На автобусном вокзале кузена мы сразу узнали по похожести на Яшиного отца: такой же уютный, невысокий, с серыми глазами… Не успев сказать и двух слов, в несколько минут, мы оказались около их дома, выглядевшего, как огромный деревенский амбар с окнами, без ставен, с голыми рамами, простыми, не украшенными ни резцами, ни карнизами; окна шли в три этажа. От нажатия кнопки в машине Гершоном, дверь поползла вверх и открылось пространство — гараж, куда мы и въехали. «Всё механизировано», — подумала я, направляясь к двери в стене гаража, которую открыл Гершон, и вошла в первый жилой американский дом, где ожидала нас кузина, тоже Дина, и две девочки такого же возраста, как наши мальчики, Анабель и Ева.
Дина говорила по–русски, родилась в Харбине, жила в Израиле; а во время визита в Сиэтл, в синагоге, встретила Гершона и, полюбив, осталась в Америке.
В обширной гостиной, с четырьмя большими окнами, посредине комнаты стояло несколько прямых диванов: один большой и два поменьше, окружавших маленький столик с лежащими на нём газетами и журналами. В пролётах между окнами висело несколько репродукций и несколько ярко раскрашенных фотографий. По углам стояли столики с лампами на пузатых канделябрах в бесчисленном количестве, большие и маленькие; кое–где стояли небольшие вазочки с шёлковыми цветами; пол был покрыт полиэтиленовым ковром; на окнах висели шторы с воланами, как у моего детского американского передника.
Первое время я невольно всё сравнивала: в воздухе другое взаимодействие мебели и хозяев. Кажется, что мебель, не обласканная взглядами, стоит сама по себе; независимая, будто ею никто не любуется. Комната — точно в ней не живут. Или потому так кажется, что мебель без выгнутостей, без позолоты, без сфинксов, простая, удобная — нет изгибающихся причудливых линий?
И всё так кажется от квадратности?
Нас разместили в «basement», в подвальном помещении, громадной комнате, предназначенной для игр детей; целое футбольное поле, стены которого были увешаны плакатами–постерами, изображающими звёзд кино, каких‑то мужиков с палками, автомобили; Мэрлин Монро в крутящейся юбке.

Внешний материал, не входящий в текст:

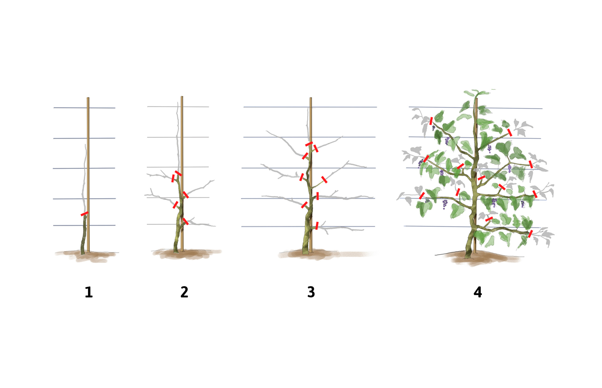 Knopperne bliver til nye sideskud hver sommer, som bindes til trådene. Når hovedstammen ikke giver så mange druer mere, klippes den ned, og man starter forfra.

Посредине стоял раздвигающийся диван.
— Мы для вас освободили шкаф, — сказал кузен, открывая большой внутренний чулан, такого размера, как комната в Пицунде, которую я с Илюшей снимала у одной бабки. Может быть, этот чулан был даже больше: в нём можно было свободно ходить, а у бабки мы могли только лежать на кровати.
— Для чего этот чулан?
— Для ваших вещей, — ответил Гершон.
Мы стояли в некотором недоумении. Я сняла подаренный паном Рогойским свой замшевый кожаный пиджак и повесила его на крючок, которых было множество на одной из стенок чулана; дети тоже сняли свои австрийские курточки. Яша остался в своём пиджаке, а больше помещать в чулан нам было нечего, — у нас не было больше никаких вещей для развешивания.
Только впоследствии я увидела, как путешествуют в Америке, — одежду меняют три раза в день, всё новёхонькое: не носят целыми днями и ночами купленное в Австрии одно и то же, изнашивая, приласкивая до слияния с собственным телом. Мы не думали о смене белья, а только о смене эпох.
Сконфузив Гершона незанятостью чулана, мы поднялись наверх, где поджидал нас приехавший с нами повидаться старинный московский друг Игорь из Филадельфии.
После объятий и приветствий все сели обедать в столовой за большой стол со стульями с большими спинками. Около каждого из нас лежала собственная, из толстого полиэтилена салфетка, овальный поднос со стоящими на нём тарелками, всем, чем полагается есть и вытираться. Всё простое и незатейливое.